Kastner’s train was taken on a round-about route to Bergen-Belsen and then in two groups to Switzerland. This group, comprising 318, including Rózsa Stern and her husband and relatives, arrived in Switzerland relatively quickly, while the other could only pass the German-Swiss border in December 1944. About a dozen people died on the way. His personal courage cannot be doubted, since he returned from Switzerland to Nazi Germany to rescue more people.

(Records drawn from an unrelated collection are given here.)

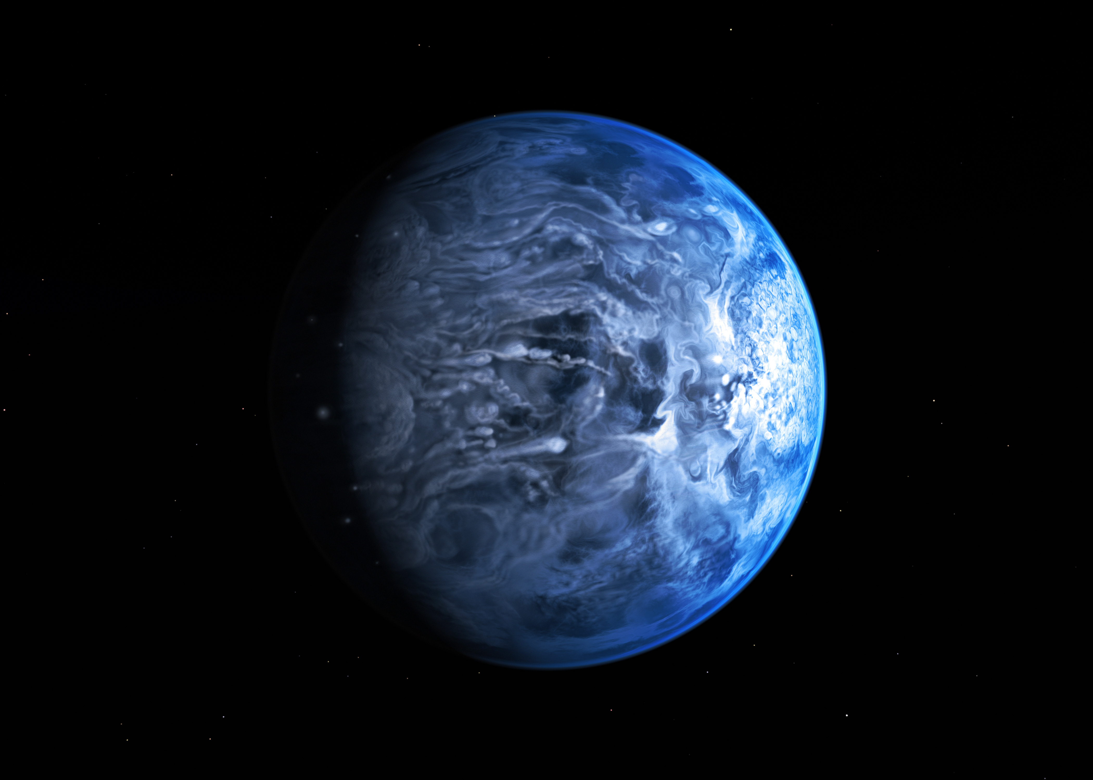 This illustration shows HD 189733b, a huge gas giant that orbits very close to its host star HD 189733. The planet's atmosphere is scorching with a temperature of over 1000 degrees Celsius, and it rains glass, sideways, in howling 7000 kilometre-per-hour winds. At a distance of 63 light-years from us, this turbulent alien world is one of the nearest exoplanets to Earth that can be seen crossing the face of its star. By observing this planet before, during, and after it disappeared behind its host star during orbit, astronomers were able to deduce that HD 189733b is a deep, azure blue — reminiscent of Earth's colour as seen from space.
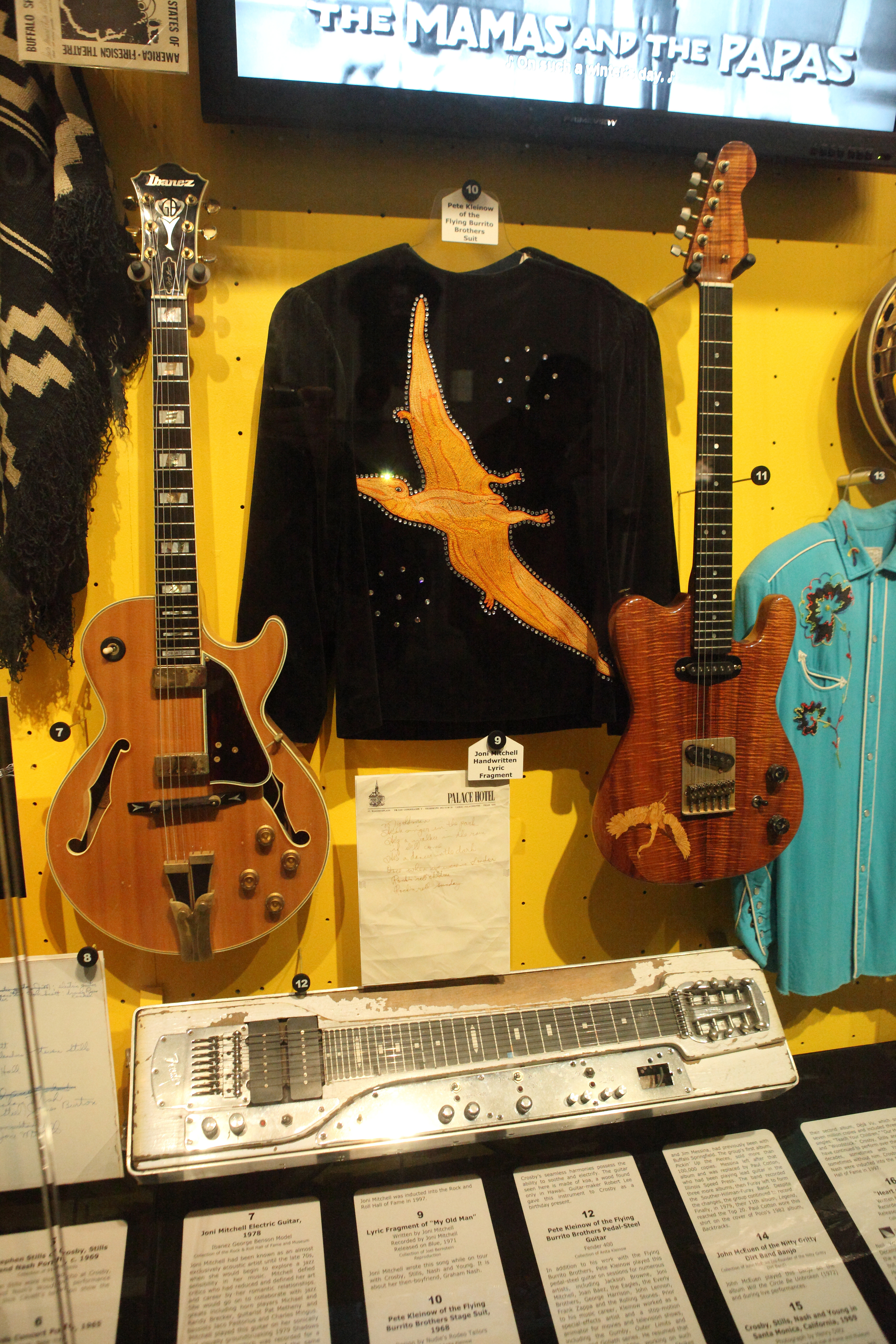 1970s artifacts at the Rock and Roll Hall of Fame in Cleveland, Ohio. 5 ...phen Stills & Crosby, Stills and Nash Portrait C. 1969 ... 6 ..., 1965 ... 7 Joni Mitchell Electric Guitar, 1978 Ibanez George Benson Model Collection of the Rock & Roll Hall of Fame and Museum ... 8 ... ... 9 Lyric Fragment of "My Old Man" Written by Joni Mitchell Recorded by Joni Mitchell Released on Blue, 1971 Collection of Joef Bernstein Reproduction ... 10 Pete Kleinow of the Flying Burrito Brothers Stage Suit, 1968 ... 11 ... Crosby's seamless harmonies possess the ability to soothe and electrify. The guitar seen here is made of koa, a wood found only in Hawaii. Guitar-maker Robert Lee gave this instrument to Crosby as a birthday present. 12 Pete Kleinow of the Flying Burrito Brothers Pedal-Steel Guitar Fender 400 Collection of Anita Kleinow ... 13 ... and Jim Messina, ... Finally, in 1979, their 11th album, Legend, reached the Top 20. Paul Cotton wore this shirt on the cover of Poco's 1982 album, Backtracks. 14 John McEuen of the Nitty Gritty Dirt Band Banjo ... 15 Crosby, Stills, Nash and Young in Santa Monica, California, 1959 ... 16 "Heart ... ... Flickr Tags: ohio guitar cleveland instrument 1970s rockandrollhalloffame. Flickr Tags: Rock and Roll Hall of Fame Cleveland Ohio. from Flickr album "Rock and Roll Hall of Fame" by Sam Howzit
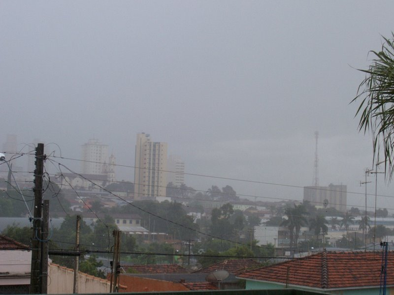 Lins
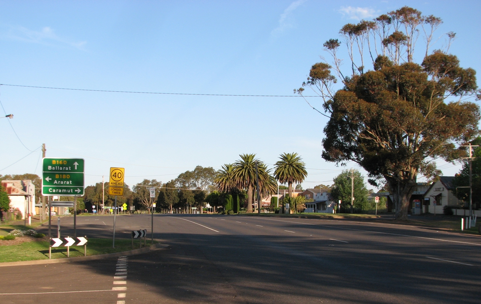 West approach on Glenelg Highway, Glenthompson, Victoria, Australia
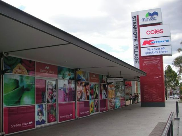 Shopping centre, Stanhope Gardens, Sydney (image has been modified by User:Sardaka by straightening and increasing saturation, 2019-11-12)
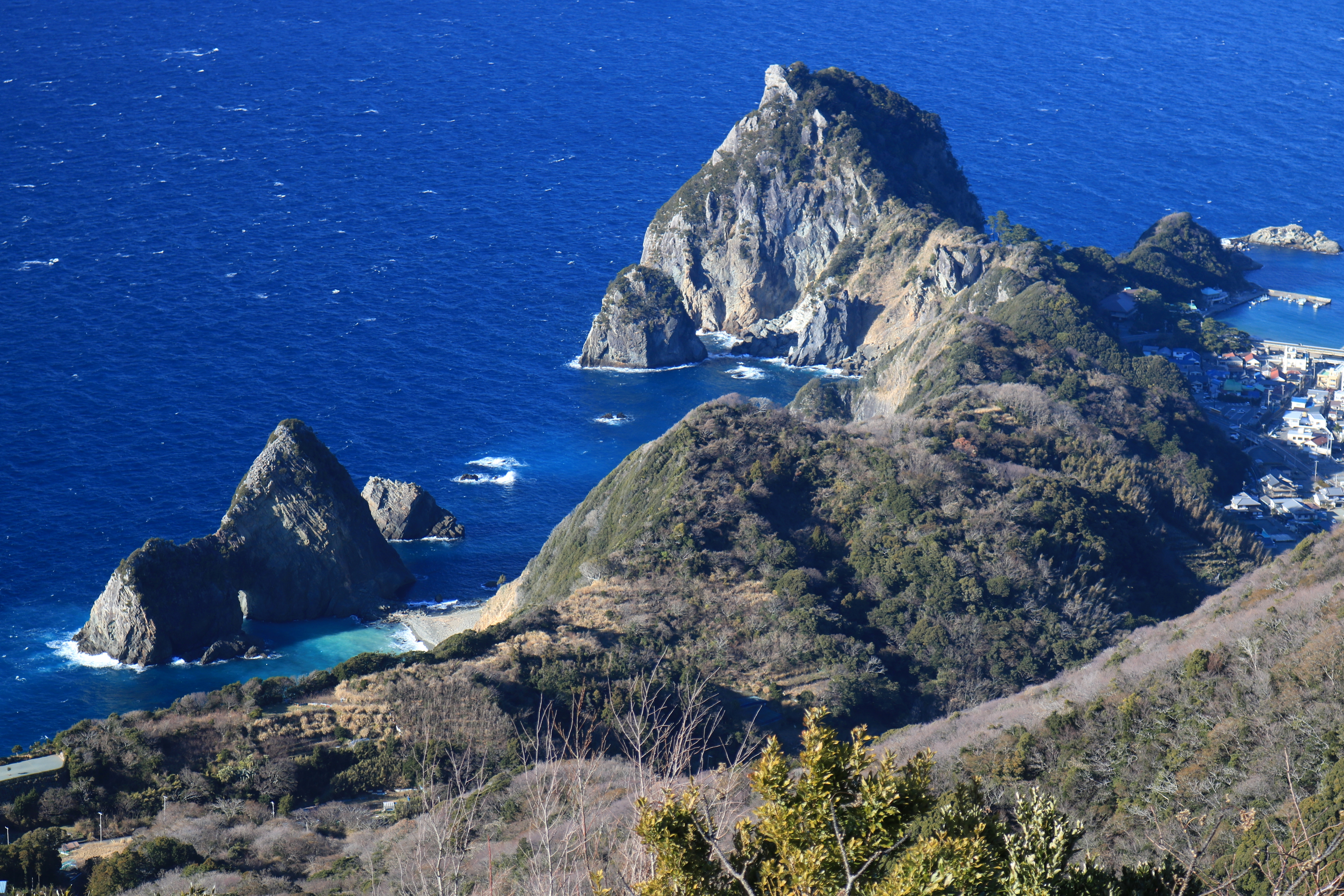 Senganmon and Mount Eboshi seen from Mount Takato in Shizuoka Prefecture, Japan.

The aftermath of the Holocaust and its survivors :
After the war, Kasztner was a witness at the trials of major war criminals in Nuremberg, including defence witness for Kurt Becher, the SS officer who concluded the negotiations with him in 1944, who later settled in Israel. In 1953 Kasztner was accused in a newspaper article of collaborating with the Nazis. Since he wanted to have a political career in Israel, he decided to try to clear his name by filing a lawsuit. However, the court convicted him of libel, saying that he had “sold his soul to the devil”. The case turned into a scandal in Israel at a time when the domestic political scene was toxic. The survivors whose lives had not been saved by the train, and whose family members were killed in Budapest, saw Kasztner as a mean, calculating collaborator. As a consequence of the lawsuit, the Israeli government had to resign and the Israeli political right called their political opponents Gestapo agents. This was the first time that the general public in Israel and the world became aware of the negotiations that had taken place between the Nazis and Zionist organizations. Kasztner’s family were subjected to a hate campaign which included violence against his daughter, and it culminated with his shooting in front of his apartment in Tel-Aviv on 3 March 1957. He died twelve days later. In 1958 the Supreme Court of Israel acquitted him of all charges except one, that of helping Nazi war criminals to escape prosecution. Kasztner’s act of “making friends with the devil” in order to save Jewish lives still divides the shrinking number of survivors throughout the world, not just in Israel and Hungary.
For that reason, if for no other, the politicians of the later twentieth century, of whom Ken Livingstone is one held in high esteem by many, should know better than to associate the names of Adolf Hitler and his henchmen with Zionism. They are deliberately opening old wounds in order to encourage anti-Zionism and justify anti-Semitism in the process. They should leave it to the historians to examine and interpret the evidence, and hand over the task of ridding British society of xenophobia, racism and anti-Semitism to a new generation in a new century with fresh moral challenges and choices.
Andrew James, May 2016
Zsolt Zágoni (ed.), (2012), From Budapest to Bergen-Belsen: A Notebook from 1944. Budapest: The Author.
Anna Porter (2007), Kasztner’s Train: The True Story of an Unknown Hero of the Holocaust. London: Constable.
Richard Overy (1996), The Penguin Historical Atlas of the Third Reich. Harmondsworth: Penguin.